Saved data entries |
((

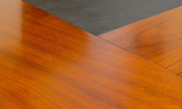 По рекомендации менеджера, работающего над проектом, заказчик обратил внимание на коллекцию Kingston. Мебель из этой коллекции удачно сочетает в себе классический, но не вычурный стиль, отличный конструктив, качественные материалы и демократичную для премиум-класса цену. Дорогая фурнитура, шпон, кожаные накладки на столешницах выгодно отличают её от конкурентов.
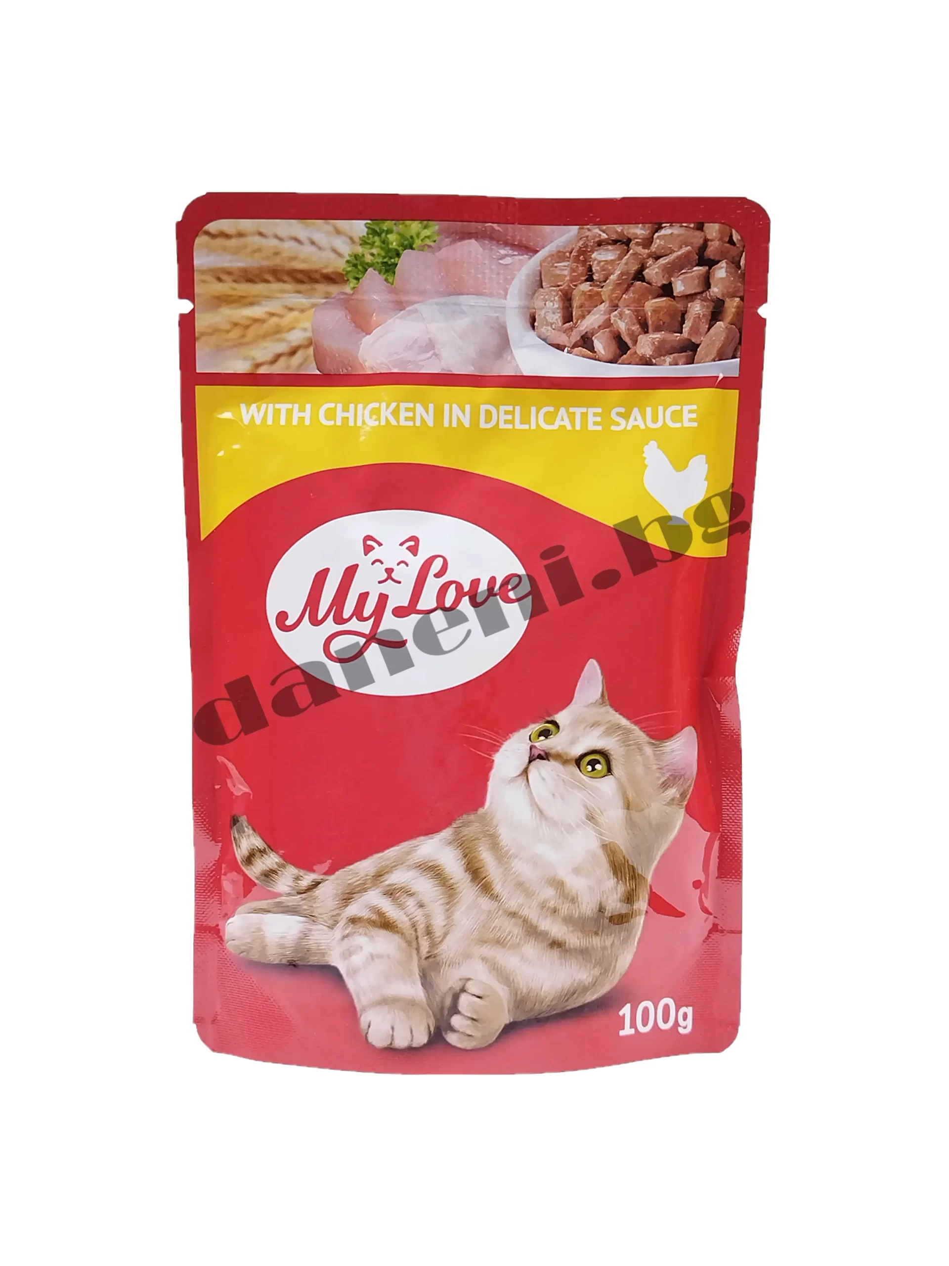 Храна под форма на пауч за котки My Love (Мяу). Съдържа месо и продукти от животински произход най-малко 76%, включително пилешко месо най-малко 4%; зърнени култури, екстракти от растителни протеини, минерални вещества, производни продукти от растителен произход магданоз 0,001%. Може да се комбинира с друга храна. Осигурява на котките необходимото количество от хранителни вещества, витамини и микроелементи.
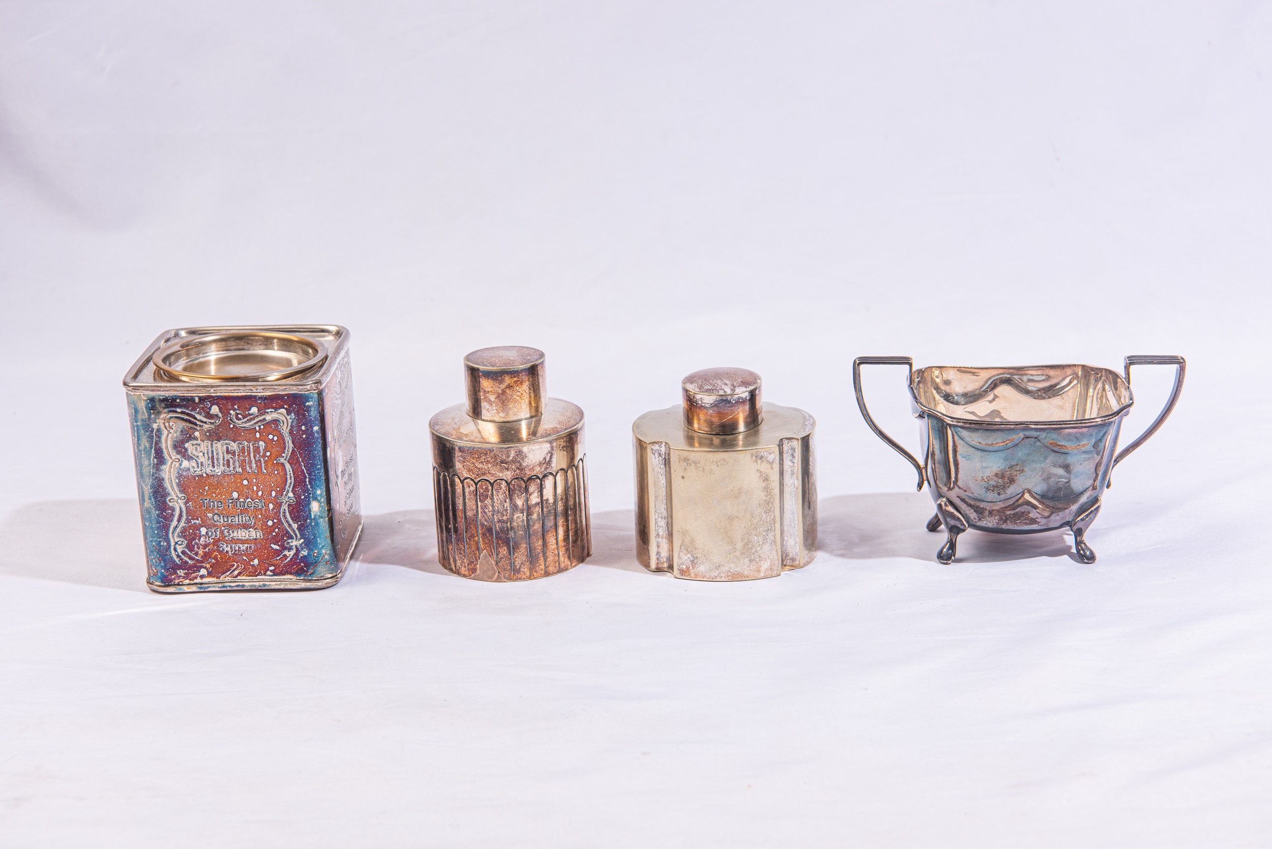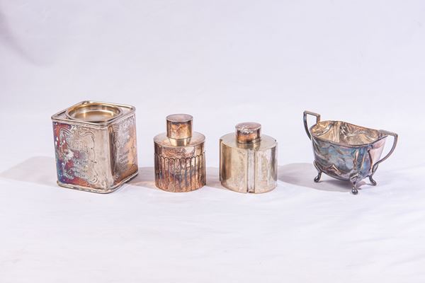 Quattro contenitori in metallo argentato, Fine XIX secolo
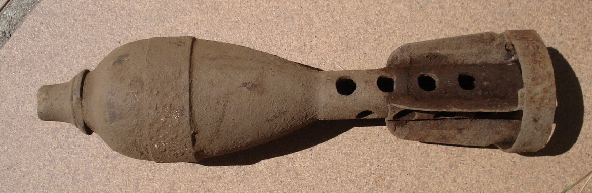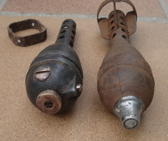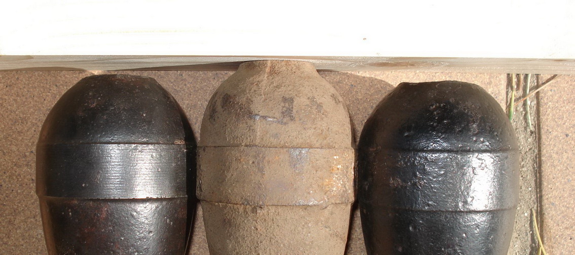 | Un examen mas detallado nos muestra otra reforma de esta granada. Si comparamos esta granada con otro "normal" podemos observar que la ojiva de la reformada es mas larga, como podemos ver en la fotografía inferior, lo que indica que no es un apaño de circunstancias sino una modificación metalúrgica mas profunda. |
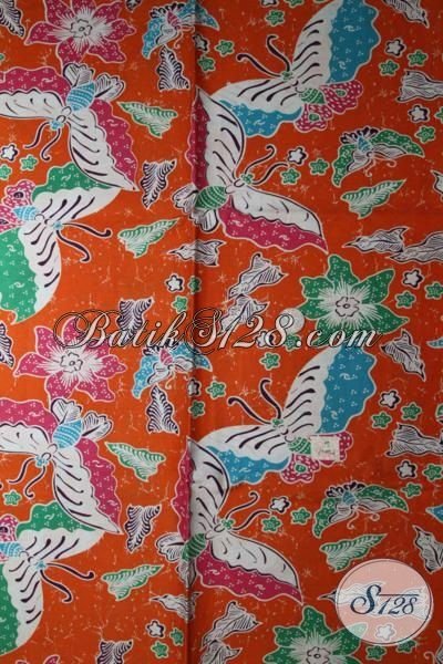 Kain batik Print Warna Orange Dengan Motif Kupu-Kupu, Batik Murah Meriah Dengan Kwalitas Bagus Dan Halus [K1662P]
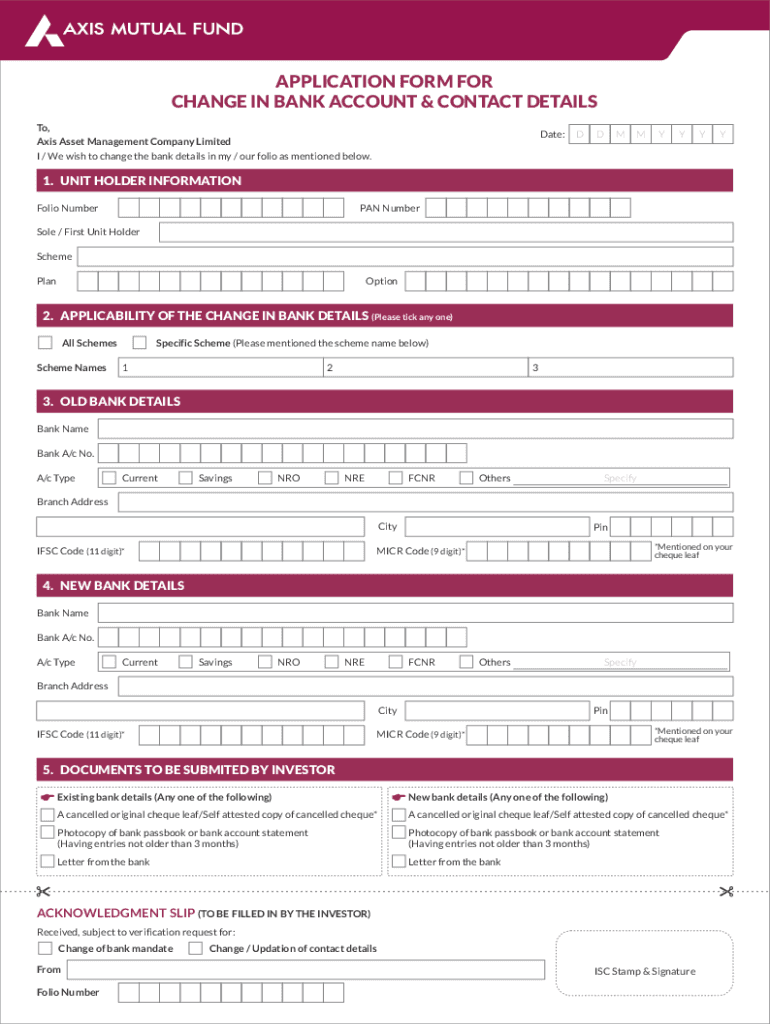 APPLICATION FORM FOR CHANGE IN BANK ACCOUNT & CONTACT DETAILS To, Axis Asset Management Company Limited I / We wish to change the bank details in my / our folio as mentioned below. Date:DDMMYYYY1.

))

ACTIVITY |
A picture-free version of all the records, repeated exactly, is what to return.

TASK SOLUTION |
 По рекомендации менеджера, работающего над проектом, заказчик обратил внимание на коллекцию Kingston. Мебель из этой коллекции удачно сочетает в себе классический, но не вычурный стиль, отличный конструктив, качественные материалы и демократичную для премиум-класса цену. Дорогая фурнитура, шпон, кожаные накладки на столешницах выгодно отличают её от конкурентов.
 Храна под форма на пауч за котки My Love (Мяу). Съдържа месо и продукти от животински произход най-малко 76%, включително пилешко месо най-малко 4%; зърнени култури, екстракти от растителни протеини, минерални вещества, производни продукти от растителен произход магданоз 0,001%. Може да се комбинира с друга храна. Осигурява на котките необходимото количество от хранителни вещества, витамини и микроелементи.
 Quattro contenitori in metallo argentato, Fine XIX secolo
 | Un examen mas detallado nos muestra otra reforma de esta granada. Si comparamos esta granada con otro "normal" podemos observar que la ojiva de la reformada es mas larga, como podemos ver en la fotografía inferior, lo que indica que no es un apaño de circunstancias sino una modificación metalúrgica mas profunda. |
 Kain batik Print Warna Orange Dengan Motif Kupu-Kupu, Batik Murah Meriah Dengan Kwalitas Bagus Dan Halus [K1662P]
 APPLICATION FORM FOR CHANGE IN BANK ACCOUNT & CONTACT DETAILS To, Axis Asset Management Company Limited I / We wish to change the bank details in my / our folio as mentioned below. Date:DDMMYYYY1.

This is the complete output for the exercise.